The Conversational Commerce Super Highway is littered with the evidence of good acquisitions gone bad. Often acquisitions made to accelerated product development or eliminate a pesky competitor has its longest lasting presence as “Goodwill” on a company’s balance sheet or “Impairment of Goodwill” on an income statement.
With the introduction of “Intelligent Customer Self-Service Capabilities,” Verint has onboarded and integrated assets, technology and personnel of recent acquisitions in record time. It will be able compete effectively in the fast-growing Conversational Commerce marketplace with a package of solutions that spans intelligent virtual assistants (IVAs), interactive voice response (IVR) and Community (with a capital “c”). They have all the components for human-assisted self-service and collaboration offered through the full spectrum of communications channels.
A Continuum of Self-Service Oriented Acquisitions
It’s hard to believe that Verint acquired Next IT less than four months ago. But, as the company points out, it marks the culmination of a set of purchases that started with Telligent in August 2015, which introduced a platform for sharing “actionable intelligence” from a community of subject matter experts across chat, voice, text, e-mail and web services. Hosted IVR specialist Contact Solutions was acquired in February 2016, bringing expertise in speech-enabled voice self-service that was greatly enhanced roughly one year later when Verint purchase SmartCare from telecommunications platform provider Synchronoss.
SmartCare came into the world more than fifteen years prior under the name SpeechCycle. It pioneered the concept of “Rich Phone Apps” which are pre-configured conversational models, including Natural Language Understanding and Intent Prediction or Extraction, that simplified and shortened the time it took to deploy speech-enabled IVR services, especially for troubleshooting and technical support of subscribers of diversified cable, telco and entertainment companies.
Along this accelerating acquisition continuum, buying Next IT amounts to a lot more than merely putting the icing on the cake. Its Conversation Management Platform (formerly called Alme) is the core brains of the offering. Its data libraries contain 12 years worth of tagged and categorized conversations that have been packaged to support what Next IT had come to describe as “democratization of AI,” referring to the ability to put development tools into the hands of business unit personnel and make the data available in a way that is as frictionless and transparent as possible.
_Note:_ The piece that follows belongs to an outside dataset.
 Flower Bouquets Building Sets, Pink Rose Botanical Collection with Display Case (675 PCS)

Next IT Brings Data and the Missing Master Mind
Speaking of transparency, at the time of acquisition Verint admitted that the purchase price started at $30 million in cash with “potential additional future cash payments” based on performance. Yet, the collective teams seemed poised to move fast almost by disposition. In a presentation to analysts, they acknowledge that the core business, surrounding contact center, back office (recording, analytics and the like) and assisted service accounts for 90% of its business. Self-Service, along with Voice of the Customer and Fraud and Compliance may be smaller, but they are destined to see accelerated growth.
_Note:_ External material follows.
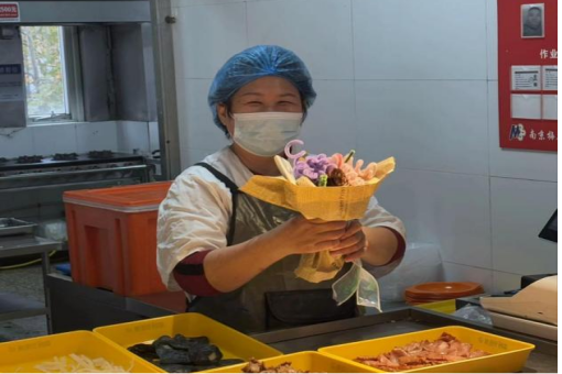 活动当天,参与者们早早地聚集到指定的活动场地。活动室桌上摆放着五彩斑斓的扭扭棒、剪刀等工具。在志愿者的简要介绍和示范后,大家迫不及待地开始动手制作。同学们挑选自己喜欢的颜色,将扭扭棒在手中巧妙地编织、扭曲、粘贴,一个个精美的作品逐渐呈现在大家眼前。每一件作品都凝聚着参与者的心意与创意,也展现着他们的个性和风采。他们在卡纸上写下自己最真挚的祝福语,将花朵包裹成束,一个个生动有趣的作品最终成形。紧接着,同学们带着花束,走到校园的各个角落,将这些花束献给在我们身后默默奉献的后勤保障人员。

The newly announced Intelligent Customer Self-Service Capabilities are, in the company’s words, “a new combination for Verint, but they are based on proven results.” Expect the solutions to map to three core market requirements shared by the large, customer-focused enterprises that Verint targets. These are to “simplify, modernize and automate” customer engagement, all in the name of measurably improved customer experience. To achieve those goals, Verint has integrated the Intelligent Assistance capabilities of Next IT to offer a coherent product offering in record speed.